Metformin; Insulin Resistance; Glucose Transport

Introduction

Additionally, metformin treatment increases levels of circulating IGFBP-1 in AN patients with and without PCOS, reduces the pool of free-bioactive IGF-1, and not only improves AN lesions clinically but also returns insulin levels to normal. Therefore, a trial of metformin for the treatment of skin lesions, indications and symptoms of PCOS, and underlying HI may be beneficial for hyperinsulinemia women with an PCOS.

The most frequently prescribed medication to improve insulin sensitivity in Insulin-Resistant (IR) diseases like diabetes, prediabetes, polycystic ovarian syndrome, and obesity is metformin. The development of the glucose transporter 4 (GLUT4) and IR levels is well-known to be correlated. As a result, the increased translocation of GLUT4 to the plasma membrane and the induced expression of GLUT4 are the most probable causes of the observed increase in peripheral glucose utilization following metformin treatment. The critical metformin targets and the mechanisms underlying this effect, however, are still mainly unknown. Based on previously published preclinical and clinical models of metformin's mode of action in animal and human studies, the current review examines the evidence for the crucial role of changes in the expression and activation of mediators of the insulin signaling pathway, AMPK, several GLUT4 translocation mediators, and the effect of posttranscriptional modifications. In order to cast some light on the intricate interactions between metformin action, GLUT4 expression, GLUT4 translocation, and the observed increase in peripheral insulin sensitivity, our goal is to provide a thorough review of the studies in this area.

In the SHORT syndrome, taking metformin may ironically worsen insulin resistance and cause the development of glucose intolerance. As a result, metformin therapy may be risky for these individuals. The SHORT syndrome may prove to be an intriguing model to investigate he mechanism(s) of metformin action, even though the exact cause of such profound and paradoxical worsening of glucose tolerance post metformin is still unknown.

In reaction to food intake, the beta cells produce insulin, an anabolic storage hormone, both basally and pulsatile. The essential role of insulin in cellular absorption and utilization of glucose Along with other processes like protein production and lipogenesis, insulin also controls gluconeogenesis.
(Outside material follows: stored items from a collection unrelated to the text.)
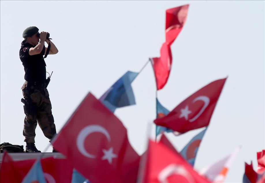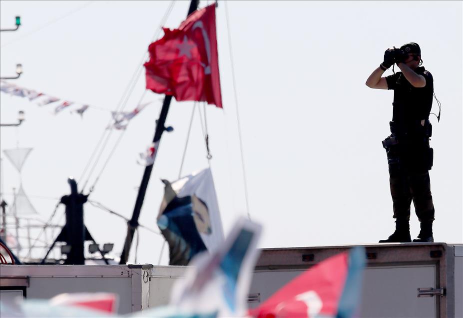 Cumhurbaşkanı adayı ve Başbakan Recep Tayyip Erdoğan'ın halka hitap edeceği Gündoğdu Meydanı’ndaki mitinge çok sayıda vatandaş katıldı. Polis çevrede geniş güvenlik önlemi aldı. (Cem Öksüz - Anadolu Ajansı)Cem Öksüz
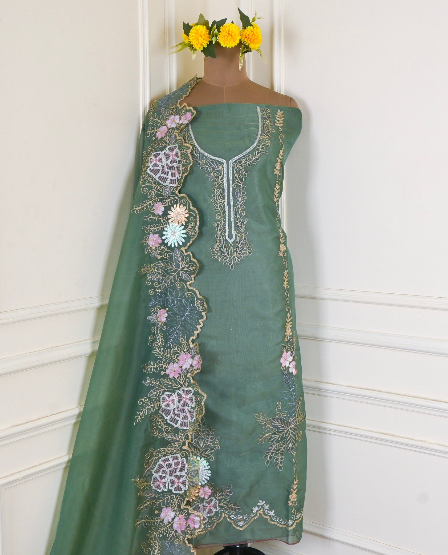 - Accompanied with an unstitched Crepe bottom and Organza dupatta.
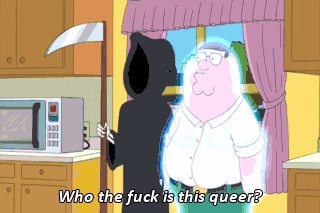 Who the fuck is this queer? That's you, Peter, alcohol-free. (BOTH LAUGHING) Hey, look, there's Joe and Quagmire. Hey, let's have a drink with them.
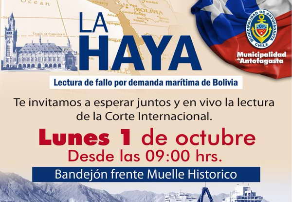 Una invitación abierta a toda la comunidad realizó la alcaldesa Karen Rojo para seguir en vivo y en directo la transmisión del fallo que pronunciará la Corte Internacional de la Haya, el próximo lunes 1 de octubre, en relación a la demanda boliviana en su interés por lograr un acceso soberano al mar, obligando a nuestro país a negociar un acuerdo para alcanzar este fin.

According to the theory, insulin was required during our evolution because we experienced feasts and famines. Because the ability to store calories was advantageous for survival, insulin played a major role in evolution. So when and where did insulin start to be bad? Most likely at the same time, the world in which we evolved changed a little.
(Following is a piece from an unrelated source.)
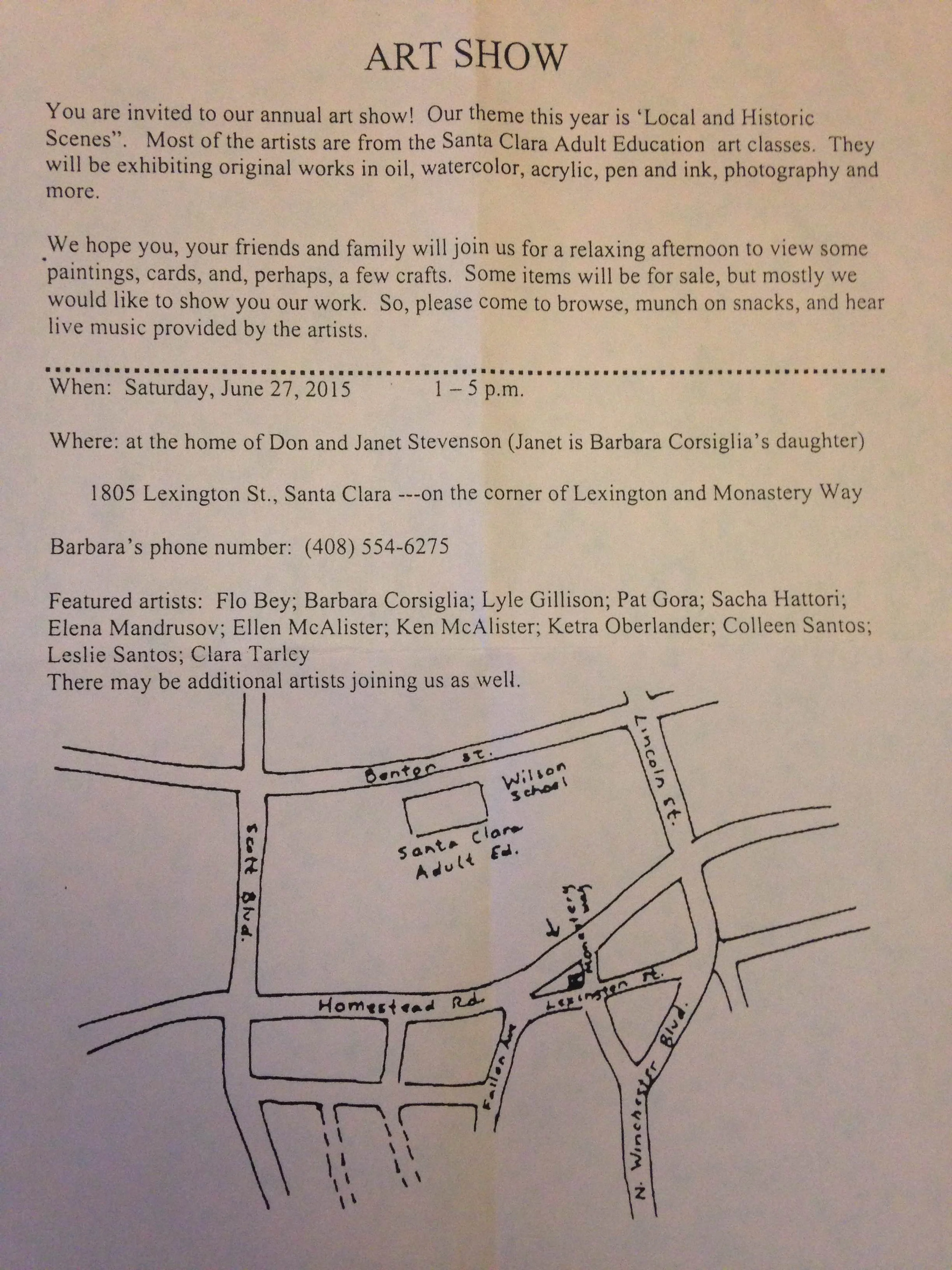 Neighborhood Art Show Saturday, June 27, 2015 1:00 PM 5:00 PM 13:00 17:00 1805 Lexington St Santa Clara, CA, 95050 United States (map) Google Calendar ICS

Insulin resistance is a condition in which cells, tissues, the liver, or the entire organism has an impaired reaction to endogenous or exogenous insulin. Insulin resistance, in the opinion of many researchers, plays a significant role in the emergence of the metabolic syndrome. The drug metformin is frequently used to manage diabetes as well as prediabetes, the metabolic syndrome, and insulin resistance. Metformin has been shown to prevent diabetes in a highrisk group, but the more traditional approach of changing one's lifestyle seems to be more effective. As a first-line treatment for diabetes, metformin continues to be a cornerstone of care. Overall, metformin appears to be a drug with little impact on weight loss, though there is some evidence to the contrary. Other diabetes medication seems to cause weight increase, but metformin seems to reduce it. In the majority of subpopulations, it currently appears unnecessary to use metformin as a primary weight-loss treatment in the non-diabetic population.